## 01 · Imports  
Before you start, gather every library you're going to rely on throughout this notebook. Pull in core Python utilities for file handling and plotting, PyTorch and TorchVision for deep-learning components, Ray Train for distributed orchestration, Hugging Face Datasets for quick data access, and PyArrow plus Pandas for fast Parquet IO. Importing everything up-front keeps the rest of the tutorial clean and predictable.

In [None]:
# 01. Imports

# ————————————————————————
# Standard Library Utilities
# ————————————————————————
import os, io, tempfile, shutil  # file I/O and temp dirs
import json                      # reading/writing configs
import random, uuid              # randomness and unique IDs

# ————————————————————————
# Core Data & Storage Libraries
# ————————————————————————
import pandas as pd              # tabular data handling
import numpy as np               # numerical ops
import pyarrow as pa             # in-memory columnar format
import pyarrow.parquet as pq     # reading/writing Parquet files
from tqdm import tqdm            # progress bars

# ————————————————————————
# Image Handling & Visualization
# ————————————————————————
from PIL import Image
import matplotlib.pyplot as plt  # plotting loss curves, images

# ————————————————————————
# PyTorch + TorchVision Core
# ————————————————————————
import torch
import torch.nn as nn
import torch.optim as optim
from torch.utils.data import Dataset, DataLoader
from torchvision import transforms as T
from torchvision.models import resnet18
from torchvision.transforms import Compose, Resize, CenterCrop

# ————————————————————————
# Ray Train: Distributed Training Primitives
# ————————————————————————
import ray
import ray.train as train
from ray.train.torch import (
    prepare_model,
    prepare_data_loader,
    TorchTrainer,
)
from ray.train import (
    ScalingConfig,
    RunConfig,
    FailureConfig,
    CheckpointConfig,
    Checkpoint,
    get_checkpoint,
    get_context,
)

# ————————————————————————
# Dataset Access
# ————————————————————————
from datasets import load_dataset  # Hugging Face Datasets


### 02 · Load 10 % of Food-101  
Next, grab roughly 7,500 images, exactly 10% of Food-101—using a single call to `load_dataset`. This trimmed subset trains quickly while still being large enough to demonstrate Ray’s scaling behavior.

In [None]:
# 02. Load 10% of food101 (~7,500 images)
ds = load_dataset("food101", split="train[:10%]") 

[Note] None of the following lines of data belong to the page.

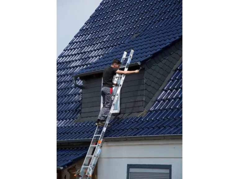 Dank der stabilen 32-fach verbördelten Sprossen-/Holmverbindungen ist diese Leiter ein langlebiger Begleiter.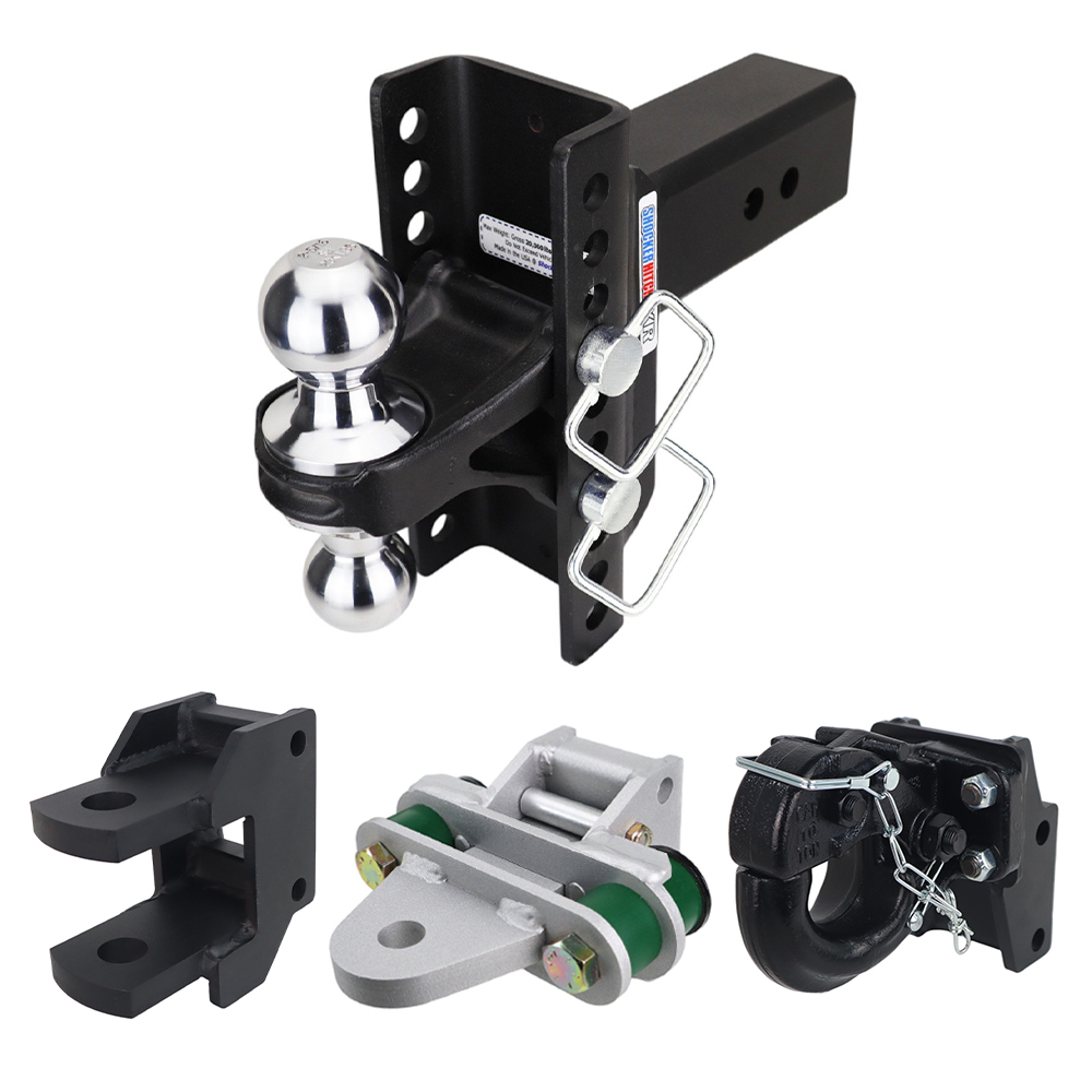 - Combo Ball: Combo adjustable multi-ball mount has 2″ hitch ball & 2 5/16″ hitch ball with 4″ rise to 4″ drop. (2-5/16″ ball is rated at 20,000 lbs & 2″ ball is rated at 10,000 lbs.) (Add 2″ Drop/Rise for 10 Hole Frame)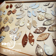 - These earrings will come to you in assorted hides, based on what we are currentlycutting, and sizes (see example photos below)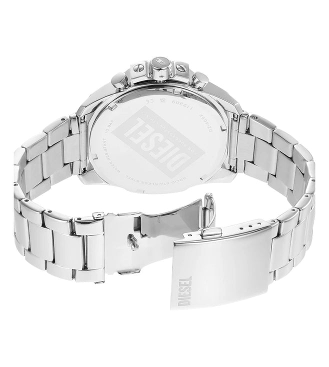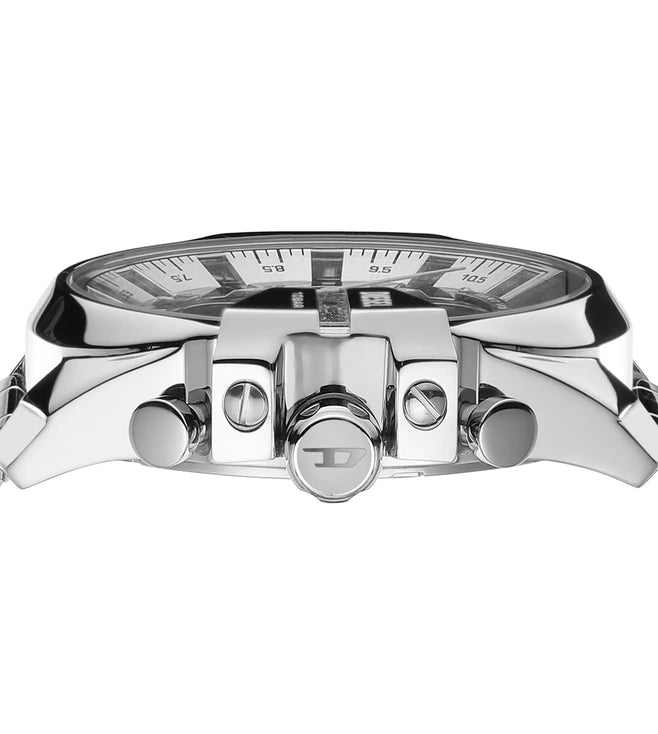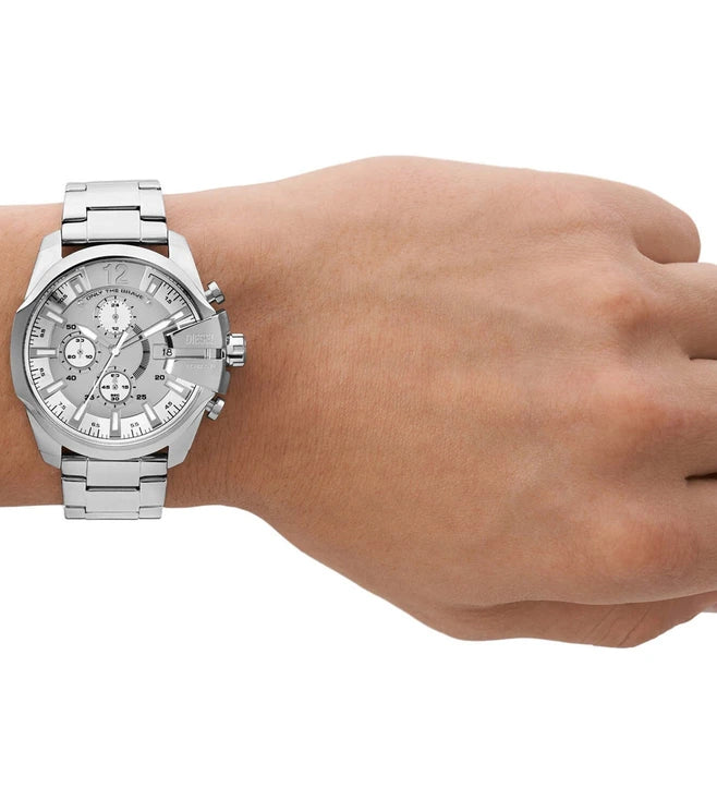 Carry great technology wrapped around your wrist with this stylish men's analog watch from Diesel. The silver round dial is protected by a mineral glass. It has a crown for time adjustment. The stainless steel strap comes in a silver hue that further elevates the look of the timekeeper. Diesel's 43mm Baby Chief watch features a silver mirror dial, chronograph movement and silver chrome stainless steel bracelet.
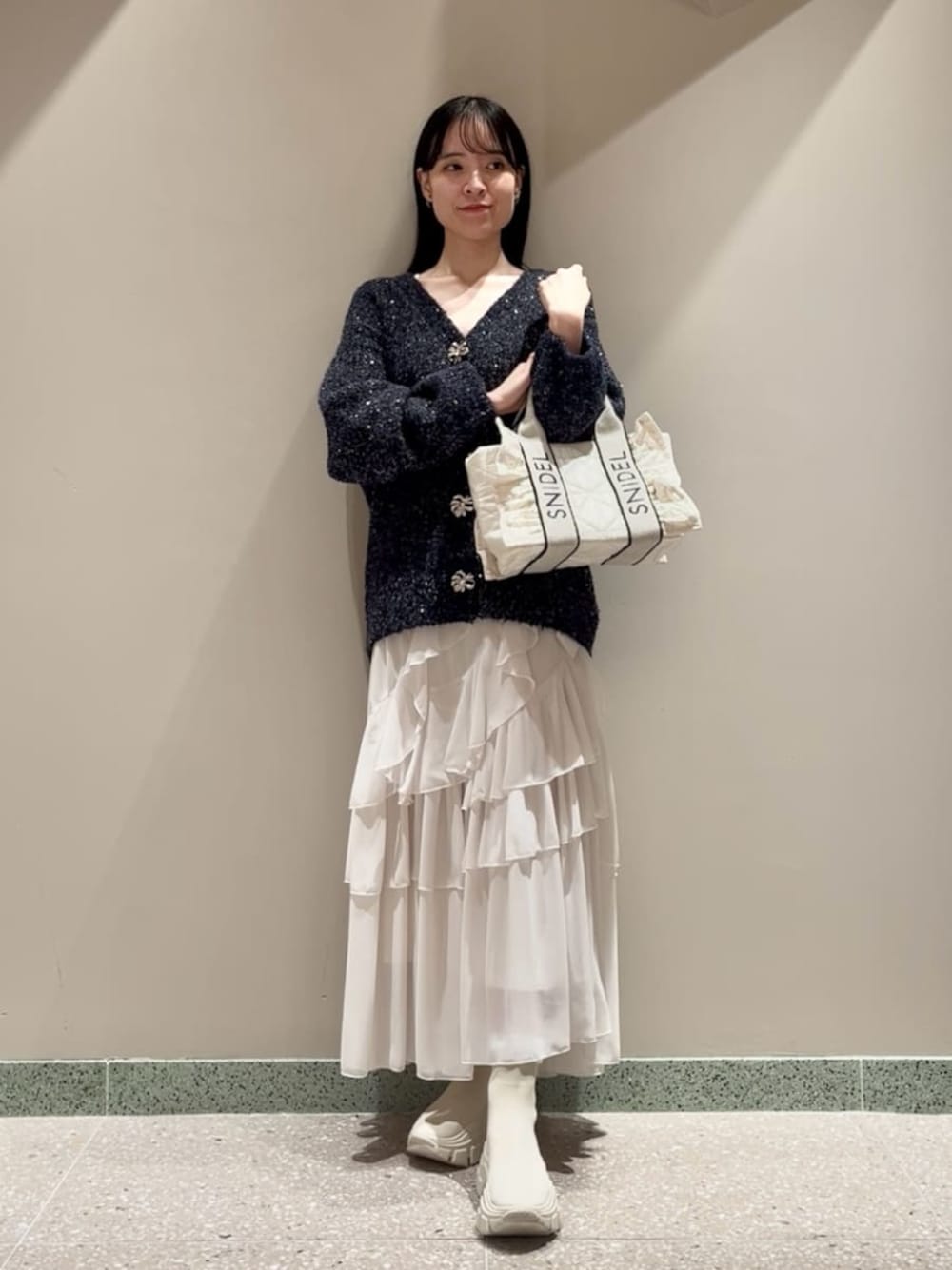 SNIDEL(SNIDEL)のカーディガン/ボレロ「ビジューリボンミドルカーディガン」を使ったコーディネート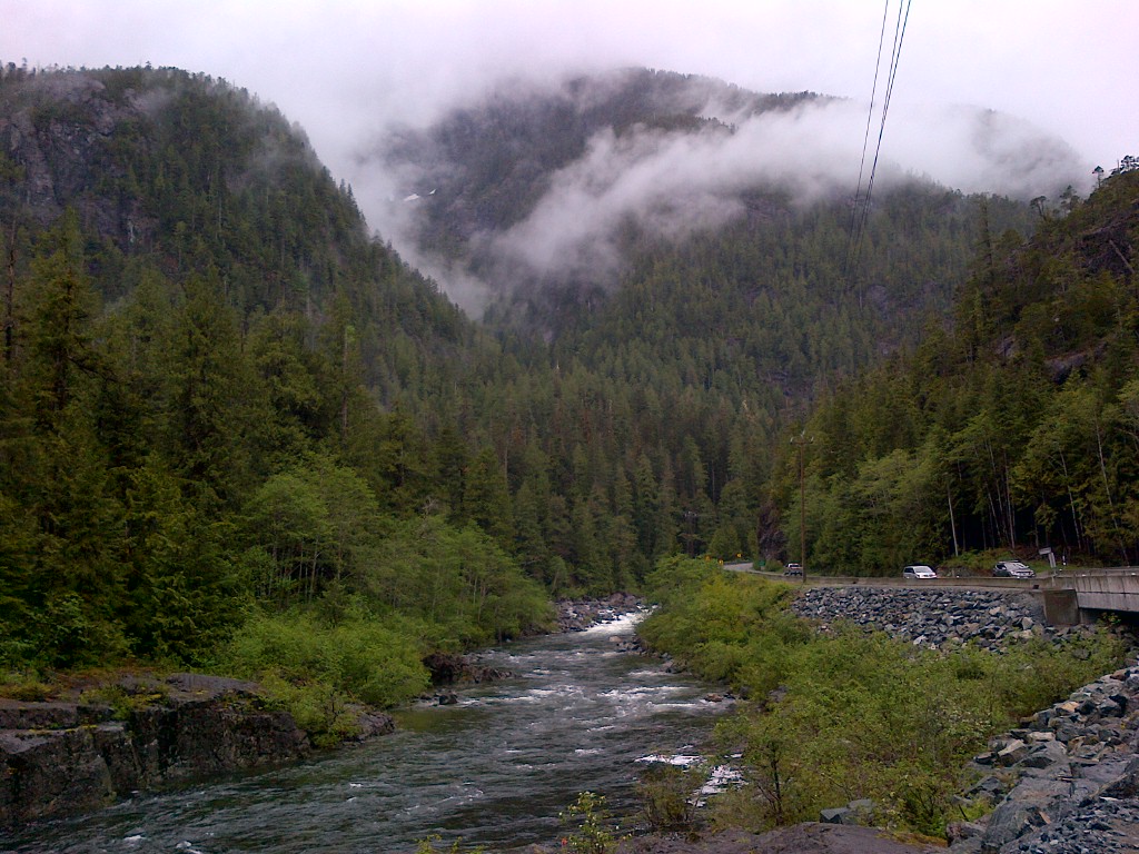 I took this picture on our way to Tofino, its a surfer’s dream place. We stopped on the road just to view the breathtaking coherence of the river with the rocks and the tress on the mountain reaching to the sky, melting the medley of a picturesque nature you would like to bask in for while.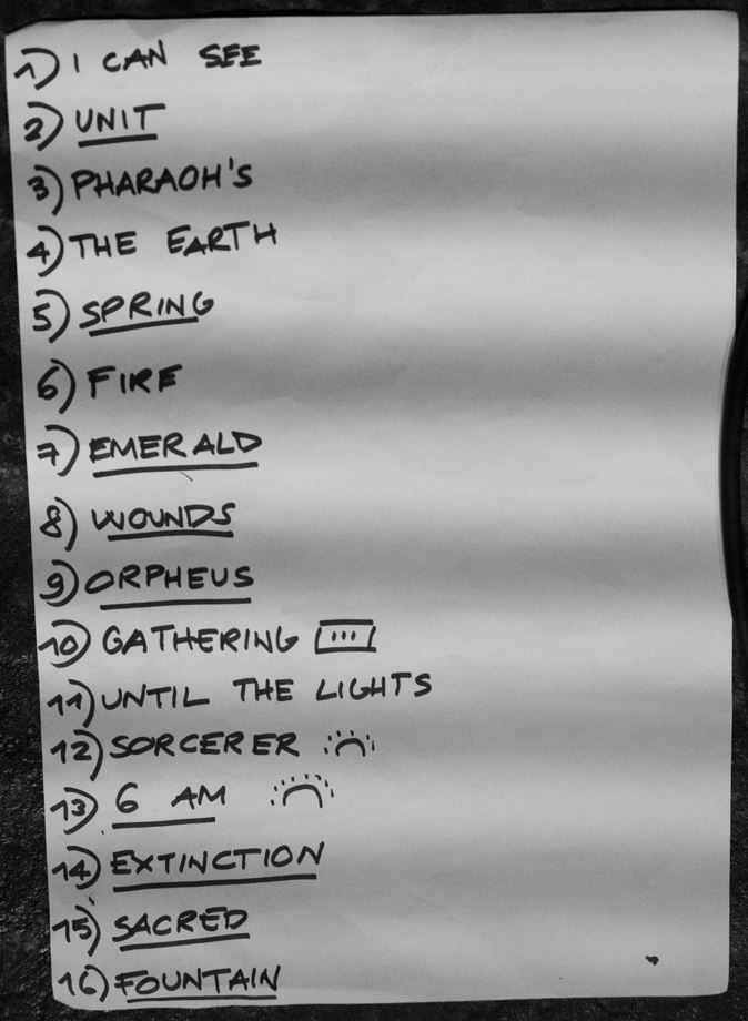 Un tappeto di silicio e rame copre quasi tutta la superficie del palco dove a breve si esibiranno i sei dell’apocalisse sonora. Le rack di effetti dicono già tanto di quanto andremo a sentire, compresi gli ampli a testata valvolare che ben presto urleranno direttamente nella psiche degli spettatori.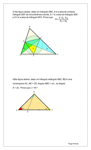 O documento contém 8 problemas geométricos envolvendo triângulos, círculos e quadriláteros. Cada problema fornece uma figura geométrica com ângulos e segmentos identificados e pede para provar uma propriedade geométrica relacionada aos elementos dados.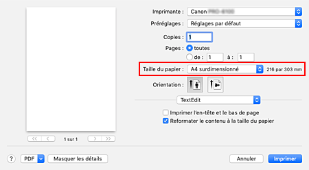 Dans la boîte de dialogue Imprimer, sélectionnez « XXX surdimensionné » pour Format papier (Paper Size).

### 03 · Resize and Encode Images  
Here you preprocess each image: resize to 256 pixels, center-crop to 224 pixels (the size expected by most ImageNet models), and then convert the result to raw Joint Photographic Experts Group (JPEG) bytes. By storing bytes instead of full Python Imaging Library (PIL) objects, you| keep the dataset compact and Parquet-friendly.

In [None]:
# 03. Resize + encode as JPEG bytes
transform = Compose([Resize(256), CenterCrop(224)])
records = []

for example in tqdm(ds, desc="Preprocessing images", unit="img"):
    try:
        img = transform(example["image"])
        buf = io.BytesIO()
        img.save(buf, format="JPEG")
        records.append({
            "image_bytes": buf.getvalue(),
            "label": example["label"]
        })
    except Exception as e:
        continue

### 04 · Visual Sanity Check  
Before committing to hours of training, take nine random samples and plot them with their class names. This quick inspection lets you properly align labels and confirm that images are correctly resized.

In [None]:
# 04. Visualize the dataset

label_names = ds.features["label"].names  # maps int → string

samples = random.sample(records, 9)

fig, axs = plt.subplots(3, 3, figsize=(8, 8))
fig.suptitle("Sample Resized Images from food101-lite", fontsize=16)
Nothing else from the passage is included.